The most common exception to this rule is if one of the “big eight” allergens is present. If milk, eggs, fish, crustacean shellfish, tree nuts, peanuts, wheat, or soybeans are present, food producers are required by law to mention them by their common name on the label at least once.16
The FDA doesn’t require similar labeling practices for MSG because it believes MSG is safe (much more on this later). Furthermore, MSG sensitivity is not an allergy,17,18 and the symptoms generally attributed to MSG are mild and temporary,5,19,2,20 unlike some severe allergic reactions—which can be dangerous.
…claims such as ‘No MSG’ or ‘No added MSG,’ could potentially be considered false or misleading on foods that contain sources of MSG or substantial amounts of naturally occurring free glutamate.
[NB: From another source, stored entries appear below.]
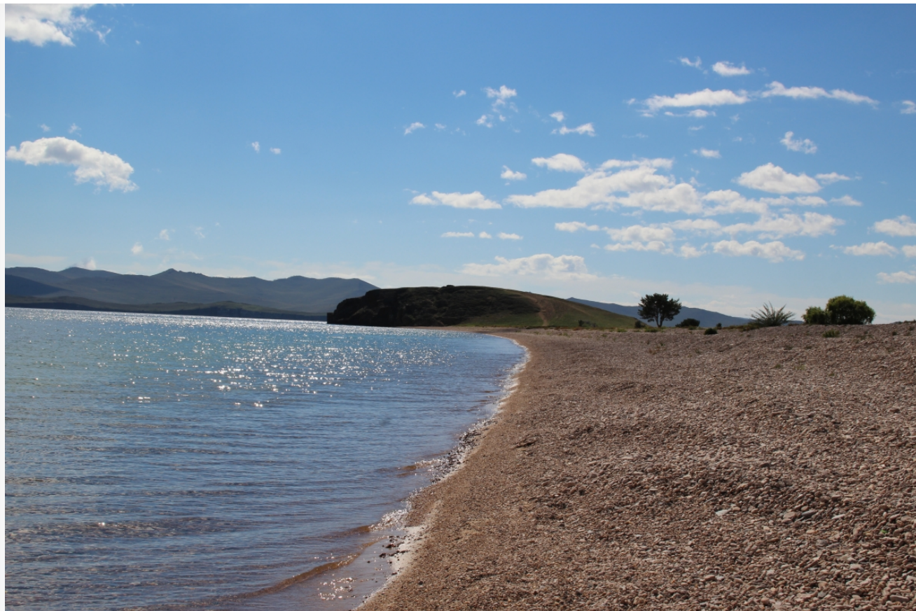
Автор: Даниил Тетерин Фото из альбома "Малое море. Виды. Лето" © Фотобанк "RuBabr"

На Байкальской природной территории на данный момент отсутствуют очистные сооружения, соответствующие экологическим требованиям . Введение запрета на сброс неочищенных сточных вод в Байкал имеет огромное значение для сохранения чистоты и уникальности озера. Установленный срок исполнения данного поручения — до 1 сентября 2024 года .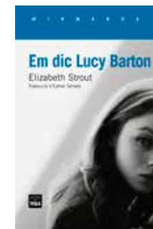
Em dic Lucy Barton Elizabeth Strout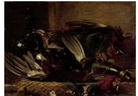
1507* ENGLISCHE SCHULE 19. JH. Jagdstillleben mit erlegten Moorschneehühnern Öl auf Lwd., 35,5 x 48,5 cm CHF 1200 / 1 500.– EUR 780 / 1 000.– Leinwanddefekt und Pigmentverluste.

Instead, FDA Spokeswoman Marianna Naum, Ph.D. told me that “Flavor enhancers must be listed by common or usual name on a food label [and are] not subject to the provision of the law that allows flavors to be declared collectively…” So at least that means that MSG, HVPs, yeast extracts, and 5’ nucleotides must all be listed individually on the label and can’t be hidden in collective categories like “spices,” or “natural flavors and color.”
However, even though the FDA thinks of MSG as safe, it discourages false advertising. Naum told me that “…claims such as ‘No MSG’ or ‘No added MSG,’ could potentially be considered false or misleading on foods that contain sources of MSG or substantial amounts of naturally occurring free glutamate.”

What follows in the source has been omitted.